> _What to produce_: Count lines with "Gambar" below; give only the number.

*** Stored data Section Begins ***

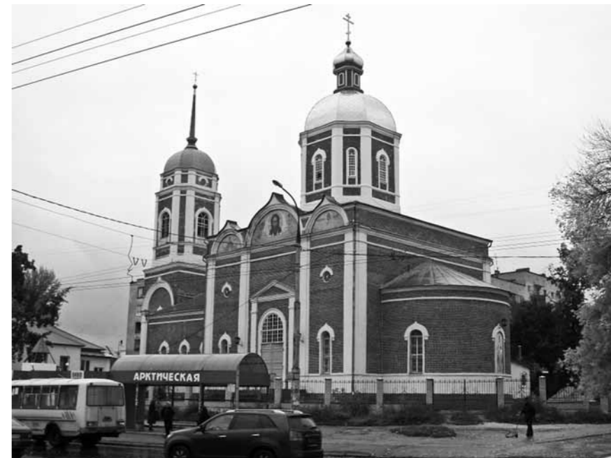
Христо-Рождественский храм г. Липецка

Приговор был приведен в исполнение 2 ноября 1937 года в 24 часа. Место погребения священномученика неизвестно.
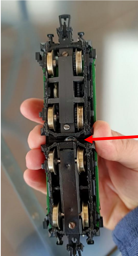
TORNILLO SUJETANDO EL CHASIS A CARROCERÍA
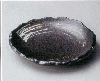
イ162-137 栗色刷毛目たたき大皿 φ27×4.5cm (20入・磁) 3,500円
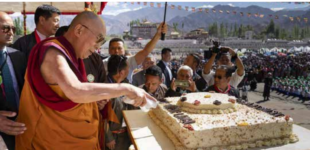
Zehntausende hatten sich in Leh versammelt, um mit dem Dalai Lama Geburtstag zu feiern.

die eklatanten menschenrechtspolitischen Defizite in China und Tibet hinweisen. ICT dankt allen Unterzeichnerinnen und Unterzeichnern der Petition! (mr)
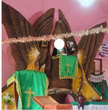
Gambar 12. Mimbar bentuk burung cendrawasih, Gereja Solagracia, Jemaat GPM Dobo, Kab. Kepulauan Aru
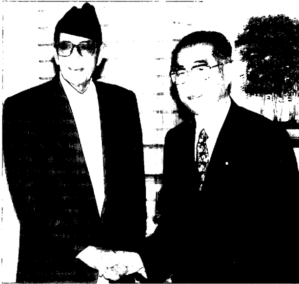
訪日したコイララ首相と小淵首相

なった。一方、野党側ではMLは他の左翼小政党とともに左翼9党同盟を結成し、4月27日に反国家法改正案反対のキャンペーンを行ったのを手始めに反政府デモを繰り返した。MLはNC政権に揺さぶりをかける一方で、MLと連立政権を樹立するようNCに持ちかけた。他方、UMLは6月29日に記者会見でNC政権への不満を表明し、閣外協力撤回の可能性を示唆した。さ
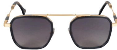
Fusion parfaite entre rétro et modernité, les IRS 57 de la collection Ytzo de Iron Paris sont disponibles aussi en argent mat antique ou marron brillant.
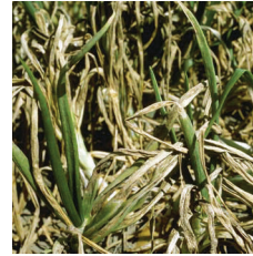
Soğan mildiyösü ( Perenospora destructor )
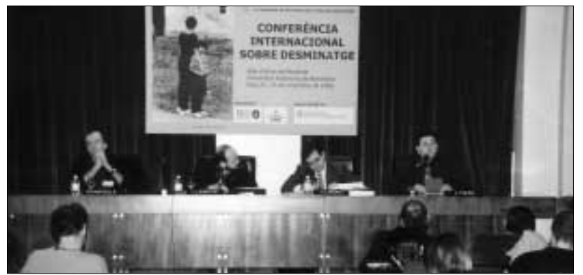
Un moment dels debats de la Conferència Internacional sobre Desminatge.

D'aquesta manera, la UAB pretén, amb aquest cicle de conferències, donar a conèixer la greu problemàtica de les mines antipersona, sensibilitzar la ciutadania sobre aquesta situació, convidar a la reflexió sobre la necessitat del desminatge als països afectats, i presentar propostes i models eficaços per a l'eradicació d'aquest problema. Un problema que causa una víctima cada vint minuts,
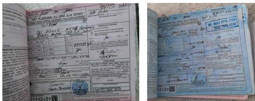
Gambar 1. 1 Dokumen Bukti Tilang Anak Dibawah Umur
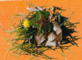
Déchets verts, tontes de pelouse, feuilles

*** Stored data Section Ends ***

> _Exercise output_: 2